US News and World Report: Strife Inside the Anglican Church

But the ultimate value of Lambeth””and indeed the continued unity of the communion””may depend on new instruments that Williams alluded to in his formal speeches to the bishops. One is a proposed Pastoral Forum, which would enforce a moratorium not only on all actions relating to the hot-button sexual issues but also on the creation of new jurisdictions within the territories of already existing ones. The other is a long-standing proposal for a new “Covenant for the Communion,” an explicit statement of beliefs that all practicing Anglicans would presumably have to sign on to.

But conservative Anglicans say they see nothing new in these proposals and furthermore doubt that they would be enforced any more vigorously than the existing instruments are. “I would say what Lambeth is doing is far too little and far too late,” says Martyn Minns, missionary bishop of the breakaway Convocation of Anglicans in North America. Liberals have their own reservations. Robinson, a conspicuous presence on the fringes of the conference, to which he was not invited, says that the loose Anglican confederation with its tradition of tolerating divergent views is in no need of fixing “with either a covenant or a Pastoral Forum or anything of the sort.” And calling the various proposals a “series of big ‘ifs,’ ” Jefferts Schori says that the Episcopal Church “will continue to define itself through its legislative processes.”

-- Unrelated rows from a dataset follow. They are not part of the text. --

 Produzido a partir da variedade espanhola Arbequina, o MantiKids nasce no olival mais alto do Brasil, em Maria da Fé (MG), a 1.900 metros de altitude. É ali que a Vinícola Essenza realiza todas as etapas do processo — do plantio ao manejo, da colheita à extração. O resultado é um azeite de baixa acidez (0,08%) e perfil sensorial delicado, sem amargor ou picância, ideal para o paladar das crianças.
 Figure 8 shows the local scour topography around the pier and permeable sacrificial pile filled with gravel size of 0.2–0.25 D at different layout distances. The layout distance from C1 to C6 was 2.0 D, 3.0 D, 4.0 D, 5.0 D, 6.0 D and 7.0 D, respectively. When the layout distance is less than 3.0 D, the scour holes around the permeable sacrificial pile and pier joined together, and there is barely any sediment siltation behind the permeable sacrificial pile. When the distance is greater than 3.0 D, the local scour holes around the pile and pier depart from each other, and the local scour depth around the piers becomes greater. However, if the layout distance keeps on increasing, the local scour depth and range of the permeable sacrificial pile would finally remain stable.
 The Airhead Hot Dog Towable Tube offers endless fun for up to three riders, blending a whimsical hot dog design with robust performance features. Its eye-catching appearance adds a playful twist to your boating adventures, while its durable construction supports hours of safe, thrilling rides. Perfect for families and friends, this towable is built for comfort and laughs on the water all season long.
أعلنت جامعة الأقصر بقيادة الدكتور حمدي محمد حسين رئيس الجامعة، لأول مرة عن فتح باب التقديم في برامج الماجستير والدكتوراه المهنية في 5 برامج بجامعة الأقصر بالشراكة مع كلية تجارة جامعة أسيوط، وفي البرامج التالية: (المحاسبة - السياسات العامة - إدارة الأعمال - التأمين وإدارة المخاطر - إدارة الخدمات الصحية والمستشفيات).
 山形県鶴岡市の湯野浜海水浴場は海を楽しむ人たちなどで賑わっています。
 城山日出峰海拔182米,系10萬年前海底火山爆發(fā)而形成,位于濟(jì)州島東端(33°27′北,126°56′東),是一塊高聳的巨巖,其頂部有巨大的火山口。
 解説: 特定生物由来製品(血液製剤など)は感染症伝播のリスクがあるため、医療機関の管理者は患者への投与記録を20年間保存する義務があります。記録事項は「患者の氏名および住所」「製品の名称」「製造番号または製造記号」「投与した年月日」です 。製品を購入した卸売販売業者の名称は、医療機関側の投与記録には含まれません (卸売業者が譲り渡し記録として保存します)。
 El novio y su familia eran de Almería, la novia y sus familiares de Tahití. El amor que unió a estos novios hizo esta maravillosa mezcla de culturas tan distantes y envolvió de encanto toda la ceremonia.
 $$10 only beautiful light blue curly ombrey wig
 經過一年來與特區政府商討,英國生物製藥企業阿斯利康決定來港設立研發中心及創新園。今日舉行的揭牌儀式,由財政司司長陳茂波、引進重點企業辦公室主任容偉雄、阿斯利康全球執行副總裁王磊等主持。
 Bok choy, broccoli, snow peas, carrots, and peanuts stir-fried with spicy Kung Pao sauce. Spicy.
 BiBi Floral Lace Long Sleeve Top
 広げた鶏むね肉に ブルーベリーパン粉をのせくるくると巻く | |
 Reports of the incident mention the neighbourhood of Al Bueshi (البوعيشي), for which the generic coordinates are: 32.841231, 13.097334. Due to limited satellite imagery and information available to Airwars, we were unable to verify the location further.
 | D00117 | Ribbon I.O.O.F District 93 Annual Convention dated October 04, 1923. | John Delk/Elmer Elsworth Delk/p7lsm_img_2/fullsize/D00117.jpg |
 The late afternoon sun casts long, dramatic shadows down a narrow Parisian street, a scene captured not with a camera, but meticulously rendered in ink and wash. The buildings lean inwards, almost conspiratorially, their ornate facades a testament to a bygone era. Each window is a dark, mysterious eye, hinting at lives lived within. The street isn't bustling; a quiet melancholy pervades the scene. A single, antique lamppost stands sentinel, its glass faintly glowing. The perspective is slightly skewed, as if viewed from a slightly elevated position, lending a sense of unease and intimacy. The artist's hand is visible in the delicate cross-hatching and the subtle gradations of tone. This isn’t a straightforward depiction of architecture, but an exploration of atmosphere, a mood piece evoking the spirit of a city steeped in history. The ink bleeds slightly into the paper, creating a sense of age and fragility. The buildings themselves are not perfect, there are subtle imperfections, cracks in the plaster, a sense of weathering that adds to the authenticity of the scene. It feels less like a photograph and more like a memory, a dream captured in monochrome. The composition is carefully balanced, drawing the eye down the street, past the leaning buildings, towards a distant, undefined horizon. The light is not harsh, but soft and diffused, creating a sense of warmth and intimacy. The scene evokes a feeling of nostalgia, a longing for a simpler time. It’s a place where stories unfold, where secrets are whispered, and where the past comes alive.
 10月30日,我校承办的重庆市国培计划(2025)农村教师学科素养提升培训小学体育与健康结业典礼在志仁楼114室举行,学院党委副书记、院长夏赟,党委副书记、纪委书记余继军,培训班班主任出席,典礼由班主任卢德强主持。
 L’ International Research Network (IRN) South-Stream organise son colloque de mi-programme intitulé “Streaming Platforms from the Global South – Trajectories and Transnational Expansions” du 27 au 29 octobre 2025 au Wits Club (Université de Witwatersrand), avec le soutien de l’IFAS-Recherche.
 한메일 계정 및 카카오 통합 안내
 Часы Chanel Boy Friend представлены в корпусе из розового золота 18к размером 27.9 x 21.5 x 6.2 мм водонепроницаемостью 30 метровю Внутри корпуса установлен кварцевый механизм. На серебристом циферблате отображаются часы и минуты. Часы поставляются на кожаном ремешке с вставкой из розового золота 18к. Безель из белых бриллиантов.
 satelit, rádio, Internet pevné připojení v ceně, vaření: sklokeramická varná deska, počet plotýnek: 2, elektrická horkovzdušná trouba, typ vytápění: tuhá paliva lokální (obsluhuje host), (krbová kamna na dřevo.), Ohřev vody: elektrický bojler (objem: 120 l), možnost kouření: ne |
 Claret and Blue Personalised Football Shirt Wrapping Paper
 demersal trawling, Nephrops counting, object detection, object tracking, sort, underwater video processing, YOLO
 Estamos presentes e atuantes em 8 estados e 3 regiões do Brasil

Even church-watchers who were impressed by what they heard about the collegial quality of the Lambeth Conference fear that it only papered over the differences. “I was encouraged by the personal relationships formed by the bishops,” says the Rev. Frank Kirkpatrick, author of The Episcopal Church in Crisis and a professor of religion at Trinity College in Connecticut. “But I’m not sure Lambeth resolved anything.”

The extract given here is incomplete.